One should be aware that only variable sites are exported (obviously, fixed sites cannot be assigned to non-synonymous ou synonymous status). To express the statistics per site (and that’s important since there are much more non-synonymous than synonymous sites), one should use the num_sites_S and num_sites_NS attributes of CodingDiversity objects for standardization.

From a VCF file

If data are available in a VCF file, it is possible to use a class named io.CodonVCF to assign each site contained in the VCF to the non-synonymous or synonymous status.

In the example below, we create two stats.ComputeStats objects to compute statistics separately on respectively synonymous and non-synonymous variation. The objects are configured to process multiple sites and to compute the same list of simple statistics:

>>> cs_syn = egglib.stats.ComputeStats(multi=True)
>>> cs_syn.add_stats('Pi', 'D', 'lseff')
>>> cs_nsyn = egglib.stats.ComputeStats(multi=True)
>>> cs_nsyn.add_stats('Pi', 'D', 'lseff')

Next we create the CodonVCF object, which requires the name of a VCF file and a GFF3 file providing the annotation:

>>> cdnVCF = egglib.io.CodonVCF('sequence5-example.bcf', 'sequence5-example.gff3')

It is then necessary to specify which coding region (that is, the CDS feature) will be processed:

>>> cdnVCF.set_cds('CDS_1')

After that, we can iterate over all codon positions of this coding region that are represented in the VCF file. The code below allows to exclude codons where more than one position is variable (according to the VCF file), and to analyse the site with the correct ComputeStats object according to its status:

>>> for cdn in cdnVCF.iter_codons():
...     if not cdn.flag & cdn.MMUT:
...         if cdn.flag & cdn.SYN: cs_syn.process_site(cdn)
...         if cdn.flag & cdn.NSYN: cs_nsyn.process_site(cdn)
>>> print(cs_syn.results())
>>> print(cs_nsyn.results())

The object returned in the iteration is a specific type describing a coding site obtained from a VCF. It can be used as a site, in particular for computing statistics. It has also other members, such as flag which might not be easily intuitive but allows to perform a series of tests. The flag variable is a single integer that, if combined by the & operator to one of the pre-defined values MMUT, SYN, NSYN, and others, allows to check if the current coding site has a given property. In this case, cdn.flag & cds.MMUT is True if the site has more than two alleles. The supported tests are listed in the reference manual.

Structure and group labels

Principle

Many statistics, including \(F_{ST}\), require that a structure is defined.

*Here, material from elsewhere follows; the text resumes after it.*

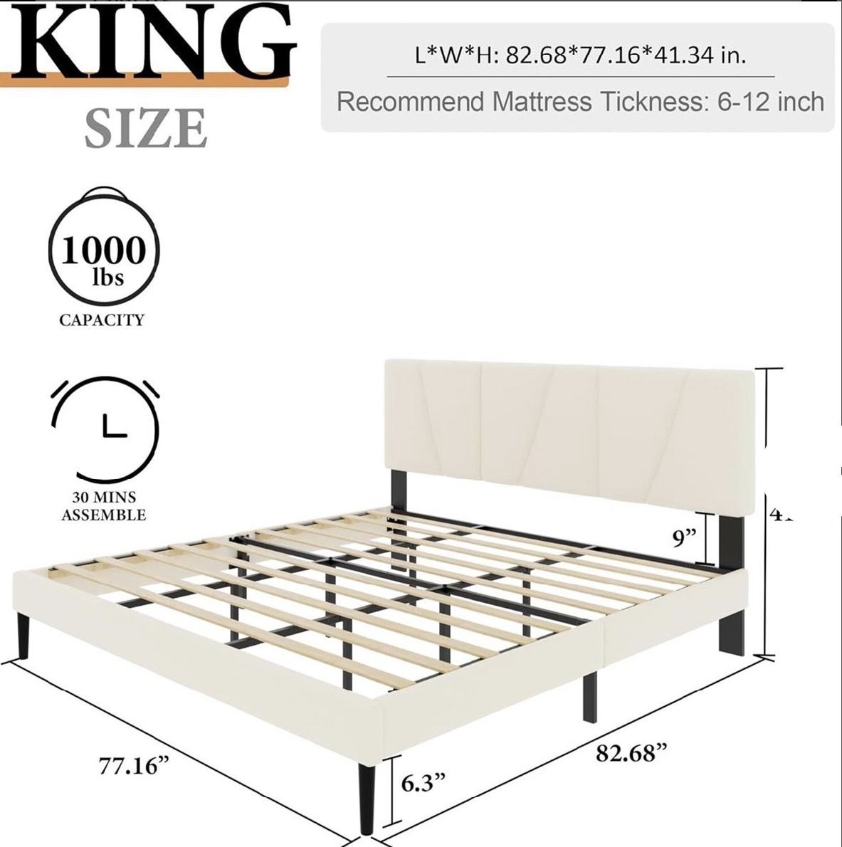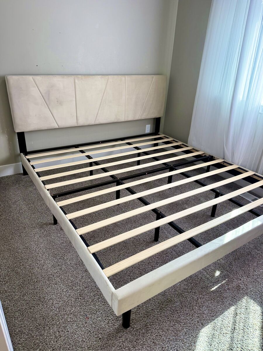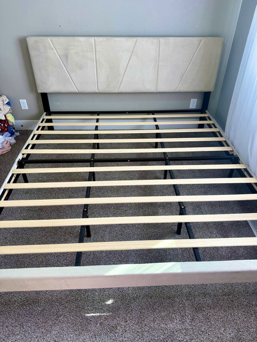 VenmoSelling this beautiful King size bed frame. It features a modern design with soft upholstery that adds a touch of luxury to any bedroom

In EggLib, the structure is controlled by instances of a specific class (Structure) that define groups and identify samples that belong to them. These structure objects define which samples belong to the outgroup and, how the other samples are organized in individuals and/or populations and/or clusters of populations. In this way, a three-level hierarchical structure can be defined. It is not required to provide information for all the three levels.

The rationale of this system is to allow processing the same data set assuming different structurations (in order to either compare the effect of different ways to group samples, or analyze different subsets of the data separately). The approach is to keep the data set static, and provide a separate Structure instance holding the description of the structure for each analysis.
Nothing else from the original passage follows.